The peculiar singing posture of White-browed Coucals with stretched out neck and inflated throat that we describe in this study probably plays a crucial role in further lowering the voice. The stretched neck likely elongates the vocal tract by increasing the length of the trachea, and the inflation of the throat may indicate an increase in the volume of the oropharyngeal-oesophageal cavity and/or the usage of inflatable vocal sacs potentially associated with it. All of these modifications may lower the peak frequency of the vocalization through changes in the resonance properties of the vocal tract (reviewed by Suthers and Zollinger 2008). The closed beak of White-browed Coucals during duetting allows for the inflation of the oesophagus (and/or associated vocal sacs) and means that the birds vocalize into the closed, inflated cavity with the sound radiating through the skin of the neck. Thereby, the inflation of the throat may act to boost radiation of the signal, amplifying the low sounds (Riede et al. 2016). Generally, the fundamental frequency of vocalizations in birds that vocalize with the mouth closed is lower than predicted from body size alone (Riede et al. 2016), and thus, the duetting posture of White-browed Coucals described in this study is most likely a mechanism to support the production and radiation of particularly low-frequency vocalizations.

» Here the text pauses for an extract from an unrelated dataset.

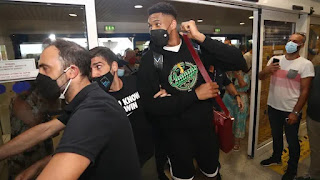 Λίγο πριν το μεσημέρι, ο Γιάννης Αντετοκούνμπο και ο αδελφός του Θανάσης έφτασαν στην Ελλάδα ως πρωταθλητές του NBA. Ο Έλληνας σούπερ σταρ και MVP των τελικών του ΝΒΑ, είχε προϊδεάσει τους Έλληνες για την επιστροφή του στην Ελλάδα μαζί με τον μεγαλύτερο αδερφό του. «Ερχόμαστε και φέρνουμε και το κύπελλο» είχε γράψει χαρακτηριστικά στο twitter ο Γιάννης Αντετοκούνμπο.

Low-frequency vocalizations of birds are thought to be candidates of honest signals of body size (Ryan and Brenowitz 1985; Gil and Gahr 2002) because their production is constrained by difficulties with producing loud low-pitched sounds (reviewed by Zollinger and Brumm 2014). If White-browed Coucals advertise their body size to mating partners or to conspecific competitors, then sexual selection has most likely driven them to sing as low as possible. Such a scenario might be widespread within the genus Centropus, since many species of this taxon have particularly low-pitched songs and they also adopt the striking singing posture with stretched out necks, closed beaks and inflated throats, e.g. Coppery-tailed Coucals (Centropus cupreicaudus), Senegal Coucals (Centropus senegalensis), and Black Coucals (W. Goymann, unpublished observation), as well as Lesser Coucals (Centropus bengalensis) and Greater Coucals [Centropus sinensis (H. Brumm, unpublished observation)]. In their comprehensive review Riede et al. (2016) noted that, apart from a few exceptions, closed-mouth vocalizations are mainly used by advertising males. In duetting Coucal species, however, this vocalization mode appears to be used by both males and females.

Another potentially common feature of Coucal duets was also found in the amplitude pattern of White-browed Coucal songs; as in Pheasant Coucals (Maurer et al. 2008), the second element of White-browed Coucal song phrases was usually the loudest. Interestingly, the second note had also the highest pitch, which hints at a coupling between amplitude and pitch that has previously been described in songbirds (Dabelsteen 1984; Nelson 2000; Goller and Cooper 2008; Ritschard and Brumm 2011; Nemeth et al. 2013) and a Dove (Elemans et al. 2008). This comparative view suggests that, in the absence of any vocal adjustments to counter it, frequency-amplitude coupling is a general trait of bird vocalizations.

Although we do not have individual longitudinal data on how duetting activity varied with breeding stage in White-browed Coucals, our cross-sectional data are in line with previous studies that demonstrated a peak in duetting rates during nest building and when pairs re-nest after nest failure (Sonnenschein and Reyer 1983; Hall 2006; Topp and Mennill 2008). Increased duetting during this breeding stage may hint at a function in ensuring reproductive synchrony. In addition, our observation that duet playback triggered duetting in White-browed Coucals is consistent with a function in territorial defence and/or mate guarding. Probably, duetting serves more than one function within this species, as is the case in other birds, too (Langmore 1998; Hall 2004).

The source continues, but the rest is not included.